As a foreigner, I believe that hanging out English and British flags doesn't affect me in the slightest. And why should it?  On the contrary, I'm proud  that the whole country (the majority) has good as one.I came here 20 years ago for a sporting career, it didn't go as I'd imagined , but by then I already  had friends and a life here. I respect the country I live in  and I'm grateful to it. I don't  se myself as a victim, even though after the Second World War  we were handed over to th USSR for the greater good and peace, and we Poles were banned from tasking part in the victory parade so as not to upset STALIN...... Now after 40 years of Russian slavery and far left regime, we poles are deeply divided nation, 50/50 left v right, and from history I know that we unite in a slap of a finger  when a treat or trouble comes from outside.
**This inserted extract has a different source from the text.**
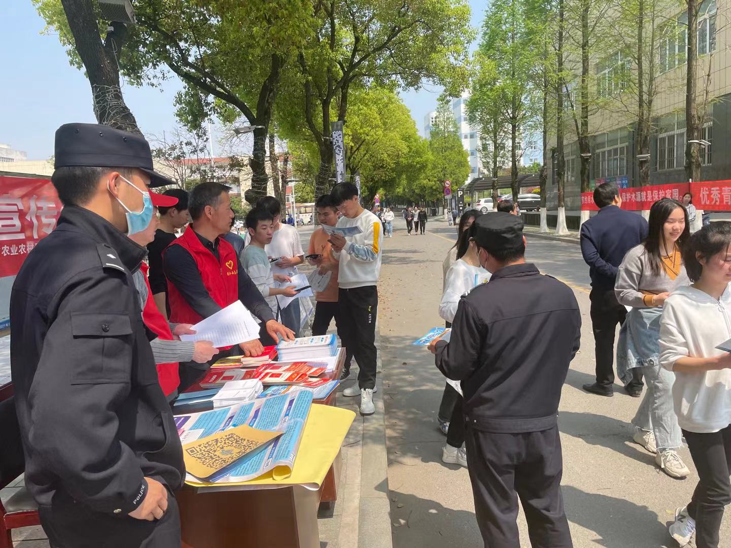 3月26日,省农业农村厅平安建设领导小组办公室相关人员、南昌县公安局澄碧湖派出所副所长及民警、万象城官网分管领导农干校副校长王义林,副院长詹绍成,保卫处全体成员忙碌在活动现场,通过户外显示屏播放各类安全公益广告、悬挂横幅、制作海报展板、分发宣传册和万象城官网有关学生真实案例宣传单,设置“万人反诈”宣誓、签名、关注“南昌县公安反诈中心”公众号以及民警和学生进行互动问答等形式向在校师生宣传法律法规、防盗、防电信网络诈骗、防校园贷、防传销、扫黄打非、日常交通安全及消防安全等综合平安建设内容。

I believe that politicians and main stream media are turning the brains of working class people into mush, which is why they've enough and are taking ac tons like this. They demand an attitude of shame from the youngest years, which is ridiculous and a scandal. I FELL IN LOVE WITH THIS COUNTRY AND ITS PEOPLE FROM THE VERY FIRST IMPRESSION. I have tremendous respect for your culture and traditions which is my duty as a foreigner, and there is nothing wrong with it. Simple as

As for George Orwell, please read "1984" ( it was banned in communist Poland)- we Poles have already lived through it, and  the UK seem to be just entering that climate... unfortunately.